The nationwide pandemic caused some students to question if the education field was right for them.

"A lot of kids last year they were like I don’t like this, this isn’t fun, if this is what teaching is then I don’t wanna be a teacher," Patterson explained. "Because they don’t get that face to face interaction there’s a lot of things you’re limited to you can’t do any hands-on activities and crafts and things like that that you typically get to do in a classroom,"

After a year of virtual learning students are back inside the classroom with a zest for learning.

"Some of us are more hands-on learners and it helps a lot being there seeing how the teachers do their job it helps us a lot for our futures," Avila said.

The 'Future Educators' class is a year long course.

"I wanted to get as much experience as I could before actually going to a university so I have some more experience under my belt compared to other students," Helbling said.

Students are getting a taste of what it's like to teach all subjects.

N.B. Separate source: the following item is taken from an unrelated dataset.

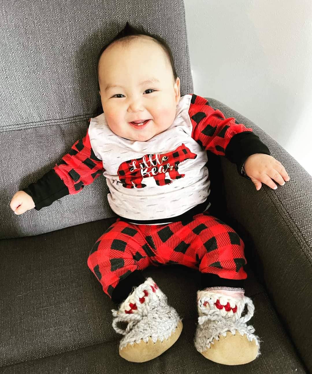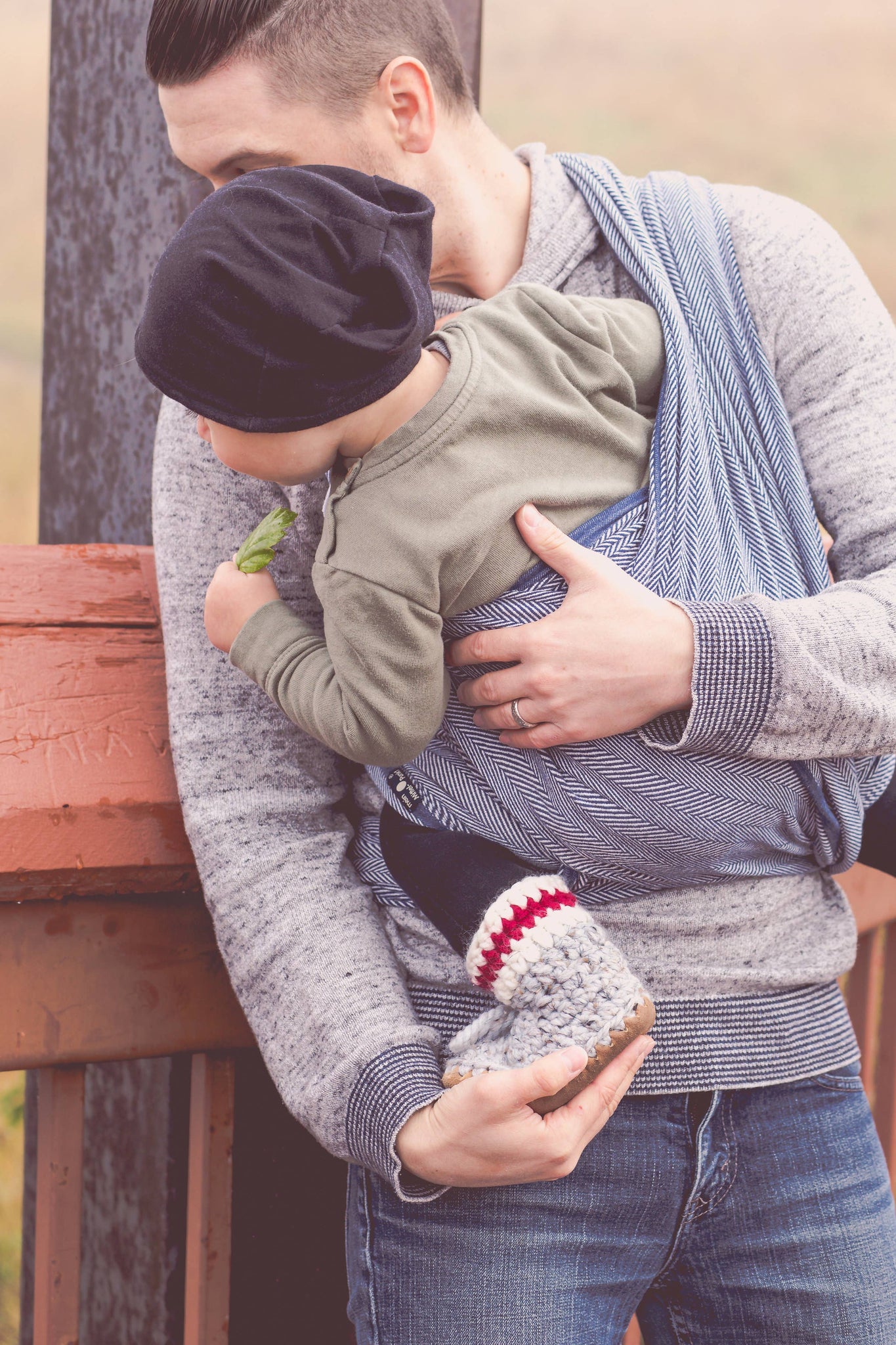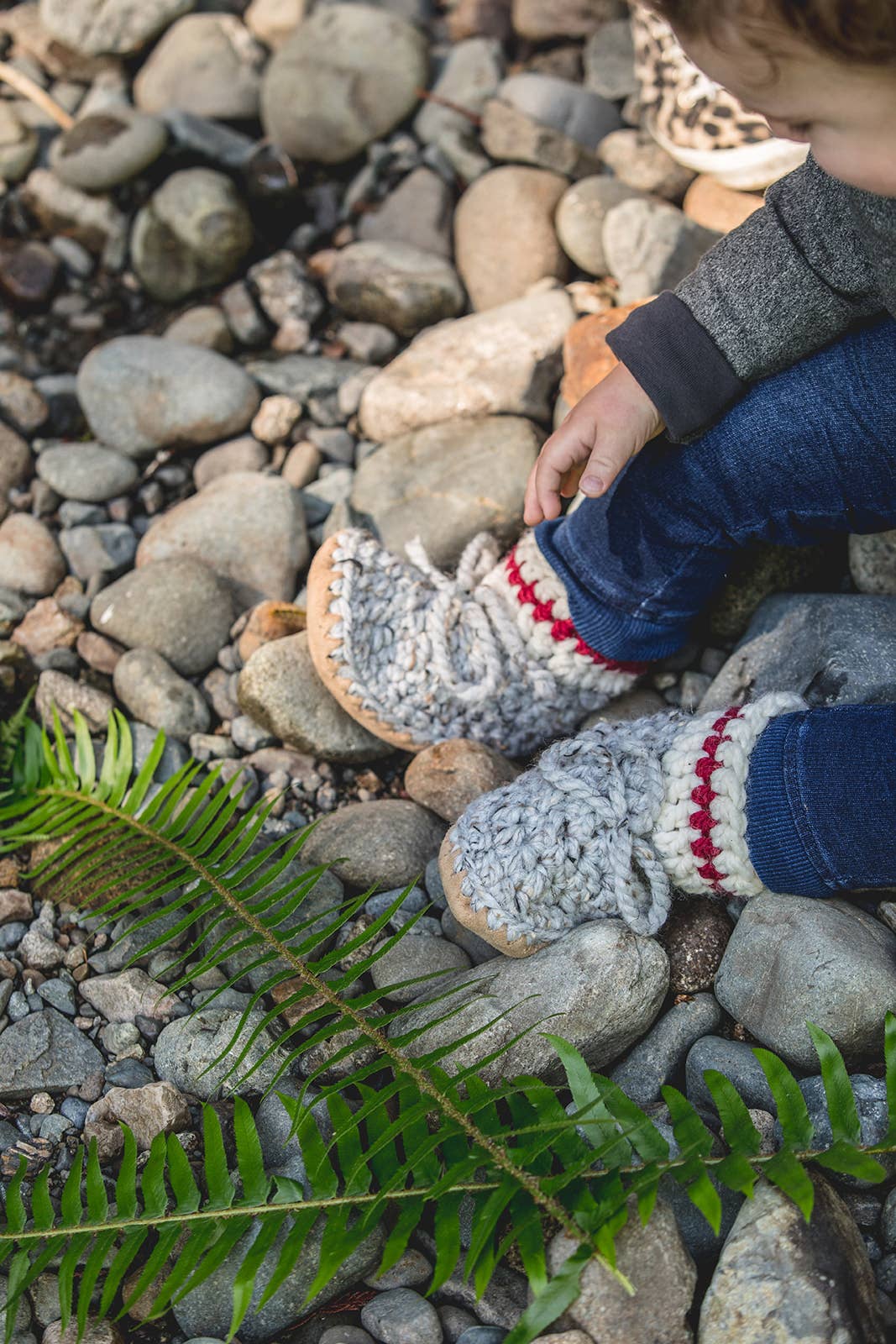 Huddy Buddies are made with a durable and washable eco-suede sole which is lined with a plush faux-fur for comfort and warmth. The hand crocheted uppers are made with soft 20% wool blend yarn that is soft and not itchy. These soft sole slippers will easily slip-on any little foot no matter how chubby or narrow... and STAY PUT with their functional laces. Be sure you tighten those laces and you will not arrive home to find one slipper missing and cold little toes. The soft soles not only allow these slippers to grow with your baby over many sizes but they are also weather-resistant and great for indoor and outdoor use. Mind you the crochet portion of the slipper is not very fond of puddles. If you do get them dirty simply throw in the washing machine and then let them air dry. Pediatricians recommend soft soles for littles up to two years to allow for healthy footdevelopment and to promote balance and coordination to early walkers. The next best thing to barefoot are Huddy Buddies.

Nacia said it's important to make sure her students are exposed to everything.

"Making sure they get into one area one semester with a teacher that they’re interested in and then the next semester they might be with something totally random just to give them that exposure into a content area," Patterson said.

Students said they're grateful for this program, knowing not everyone will get this opportunity.

"It’s kind of a big deal there’s only eight of us in this class," Helbling said. "And I'm one of eight so getting that experience compared to other kids that might be going to a bigger university with a class of 100 me being that one kid that got that experience is a big leg up compared to all those other kids,"

Something new added to the course, due to the pandemic, is students now learning about virtual lesson planning and teaching over zoom.